The geometry and the number of the unpaired electron(s) of ${\left[{\mathrm{MnBr}}_4\right]}^{2-}$, respectively, are

1.  Tetrahedral and 1

2.  Square planar and 1

3.   Tetrahedral and 5

4.  Square planar and 5 

Among the following complexes, the one that can exhibit optical activity is

1.  ${\left[{\mathrm{CoCl}}_6\right]}^{3-}$

2.  ${\left[\mathrm{Co}\left(\mathrm{en}\right){\mathrm{CI}}_4\right]}^{-}$

3.  $\mathrm{cis}-{\left[\mathrm{Co}{\left(\mathrm{en}\right)}_2{\mathrm{Cl}}_2\right]}^{+}$

4.  trans-${\left[\mathrm{Co}{\left(\mathrm{en}\right)}_2{\mathrm{Cl}}_2\right]}^{+}$

2.335 g of compound X (empirical formal ${\mathrm{CoH}}_{12}{\mathrm{N}}_4{\mathrm{Cl}}_3$) upon treatment with excess ${\mathrm{AgNO}}_3$ solution produces 1.435 g of a white precipitate.
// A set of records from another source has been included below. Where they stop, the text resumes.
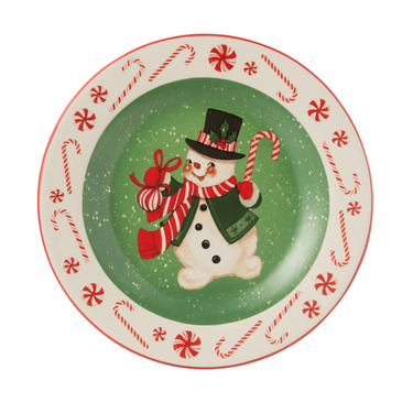 Piatto Natalizio da Portata Rotondo in Ceramica - Pupazzo di Neve
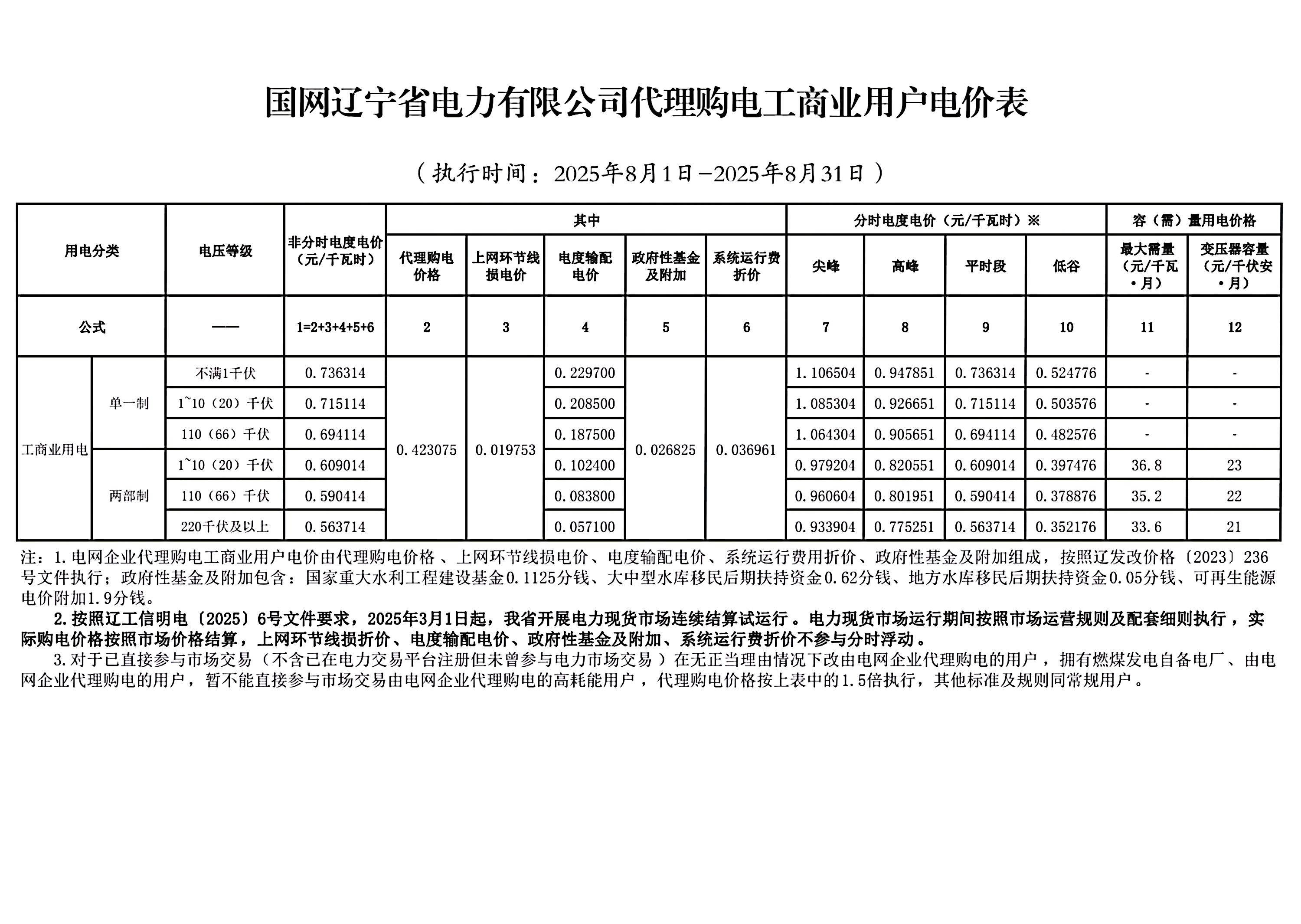 國網(wǎng)遼寧省電力有限公司代理購電工商業(yè)用戶電價表(2025年8月)
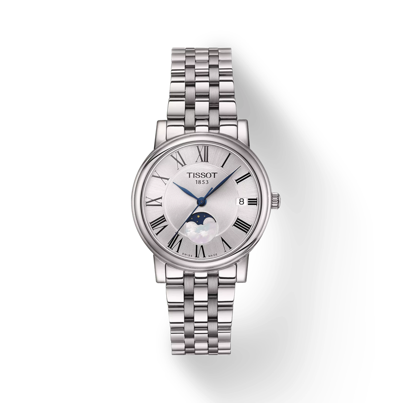 Il Tissot Carson, un capolavoro di orologeria da indossare ovunque e in ogni occasione, è il compagno ideale per rendere ogni momento un momento clou della tua vita. Con il suo design elegante, il gusto sicuro e le indicazioni delle fasi lunari, la nuova collezione Tissot Carson Premium Lady Moonphase colpisce sempre nel segno.
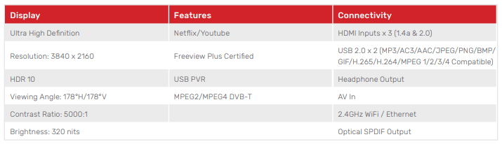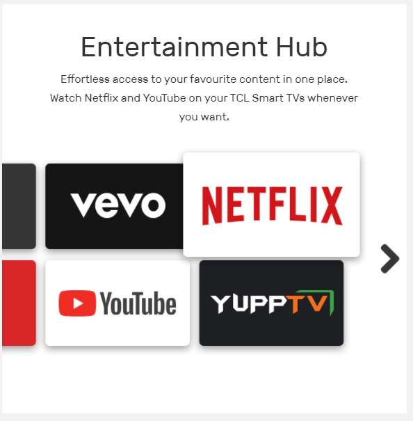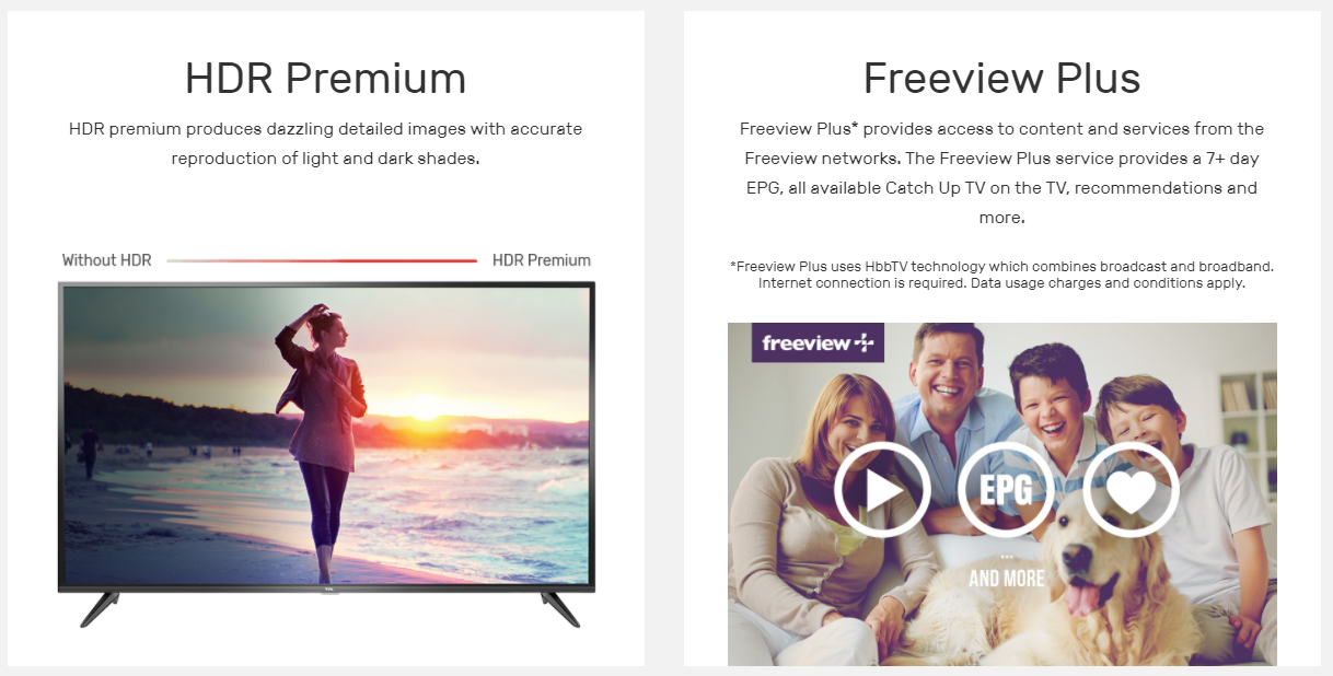 TCL represents effortless access to your favourite content in one place. Watch Netflix and YouTube on your TCL Smart TVs whenever you want. HDR premium produces dazzling detailed images with accurate reproduction of light and dark shades. Freeview Plus* provides access to content and services from the Freeview networks. The Freeview Plus service provides a 7+ day EPG all available Catch Up TV on the TV recommendations and more.

The primary and secondary valences of cobalt in compound X, respectively are

[Given Atomic mass: Co = 59, Cl = 35.5, Ag = 108]

1.  3, 6

2.  3,  4

3.  2,  4

4.  4, 3

 $$\begin{gathered} \mathrm{Among} \left(\mathrm{i}\right) {\left[\mathrm{Cr}{\left(\mathrm{en}\right)}_3\right]}^{3+}, \left(\mathrm{ii}\right) \mathrm{trans}-{\left[\mathrm{Cr}{\left(\mathrm{en}\right)}_2{\mathrm{Cl}}_2\right]}^{+}, \\ \left(\mathrm{iii}\right) \mathrm{cis}-{\left[\mathrm{Cr}{\left(\mathrm{en}\right)}_2{\mathrm{Cl}}_2\right]}^{+}, \left(\mathrm{iv}\right) {\left[\mathrm{Co}{\left({\mathrm{NH}}_3\right)}_4\mathrm{Cl}\right]}^{+}, \mathrm{the} \mathrm{optically} \mathrm{active} \\ \mathrm{complexes} \mathrm{are} \end{gathered}$$

1.  (i) and (ii)

2.  (i) and (iii)

3.  (ii) and (iii)

4.  (ii) and (iv)

Among the following complexes, the one that can exist as facial (fac) and meridional (mer) isomers is

1.  $\left[\mathrm{Co}{\left({\mathrm{NO}}_2\right)}_3{\left({\mathrm{NH}}_3\right)}_3\right]$

2.  ${\mathrm{K}}_3\left[\mathrm{Fe}{\left(\mathrm{CN}\right)}_6\right]$

3.  $\left[\mathrm{Co}{\left({\mathrm{H}}_2\mathrm{O}\right)}_2{\left({\mathrm{NH}}_3\right)}_4\right]{\mathrm{CI}}_3$

4.  $\left[\mathrm{CoCl}{\left({\mathrm{NH}}_3\right)}_5\right]\mathrm{CI}$  

Hybridization and geometry of ${\left[\mathrm{Ni}{\left(\mathrm{CN}\right)}_4\right]}^{2-}$ are

1.  $s{p}^{2}d$ and tetrahedral

2.  $s{p}^3$ and square planar

3.  $s{p}^3$ and tetrahedral

4.  $ds{p}^2$ and square planar

The total number of geometrical isomers possible for an octahedral complex of this type $\left[{\mathrm{MA}}_2{\mathrm{B}}_2{\mathrm{C}}_2\right]$ is 

(M = transition metal; A, B and C are monodentate ligands)

1.  3

2.  4

3.  5

4.  6

The IUPAC name of $\left[\mathrm{Co}\left(\mathrm{ONO}\right){\left({\mathrm{NH}}_3\right)}_5\right]{\mathrm{Cl}}_2$ is:

1. Pentamminenitro-O-cobalt(II)chloride

2. Pentamminenitroso-O-cobalt(III)chloride  

3. Pentaamminenitrito-O-cobalt(III) chloride

4. Pentammineoxo-nitrocobalt(III)chloride

The metal carbonyl which is paramagnetic is

1. $\mathrm{Ni}{\left(\mathrm{CO}\right)}_4$

2. $\mathrm{V}{\left(\mathrm{CO}\right)}_6$

3. $\mathrm{Cr}{\left(\mathrm{CO}\right)}_6$

4. $\mathrm{Fe}{\left(\mathrm{CO}\right)}_5$